Es lässt sich leider nicht von der Hand weisen, dass es um den Wohnungsbau in Europa nicht sonderlich gut bestellt ist. Es wird sogar erwartet, dass sich die Zahlen in diesem Jahr auf dem tiefsten Stand seit den letzten 20 Jahren befinden werden. Ein Aufleben des Wohnungsbaus im europäischen Raum wird nicht vor dem Jahr 2015 erwartet. Besonders alarmierend ist auch, dass die Entwicklungen in den einzelnen Ländern stark differenzieren und ein deutliches Gefälle zwischen Nord- und Südeuropa vorliegt.

Insbesondere in Südeuropa und einigen osteuropäischen Ländern ist die Lage alles andere als gut. So können Portugal und Spanien sowie Tschechien nicht positiv in die Zukunft blicken. Unter diesen drei Ländern bleibt wohl nur für Spanien die Hoffnung auf Zuversicht, denn Experten erwarten hier ab dem Jahr 2015 einen, wenn auch schwachen, Anstieg der Bautätigkeit im Wohnungsbau.

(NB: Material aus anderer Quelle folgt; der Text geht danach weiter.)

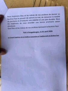 Le Conseil supérieur de la chefferie coutumière et traditionnelle du Burkina Faso a rendu publique ce 1er avril 2026, une déclaration à la Nation, dans laquelle il réaffirme son rôle central dans la cohésion sociale et la stabilité du pays.

Die Schweiz und Frankreich werden wohl zwischen den Jahren 2013 und 2015 mit rückläufigen Zahlen rechnen müssen. In Italien dagegen wird wohl ab 2014 ein Aufwärtstrend vorliegen. Norwegen steht im Vergleich zu den insgesamt 19 EUROCONSTRUCT-Ländern sehr gut da. Bereits im Jahr 2011 konnte man einen Anstieg der Bautätigkeit im Wohnungsbau vermelden, der voraussichtlich auch noch bis zum Jahr 2015 anhält. Norwegen profitiert hierbei vor allem von seiner immer noch guten wirtschaftlichen Lage, was sich in der Bautätigkeit entsprechend niederschlägt.

Ebenfalls positiv ist es um Deutschland bestellt. Hier konnte schon seit dem Jahr 2010 ein Anstieg der Bautätigkeit festgestellt werden, der sich in diesem Jahr insbesondere im Neubau noch mal stark steigern wird. „Die niedrigen Bauzinsen, die stark gestiegene Zuwanderung sowie die anhaltende Flucht in Sachwerte dürften den Wohnungsbau hierzulande weiterhin stimulieren. Für 2015 rechnen wir mit rund 240.000 Wohnungsfertigstellungen. Dies würde einen Anstieg gegenüber 2010 um etwa 100.000 Einheiten beuteten“, sagt Ludwig Dorffmeister, Bau-Experte aus dem ifo Zentrum für Industrieökonomik und neue Technologien, über die Situation.

Insgesamt lässt sich zusammenfassend feststellen, dass die Aktivitäten im Neubau noch wesentlich schlechter sind als bei denen im Bestandsbau. Und auch wenn man für das laufende Jahr in vielen Ländern weitere Einbrüche erwartet, so ist man sich sicher, dass es aber im kommenden Jahr wieder vorangehen wird.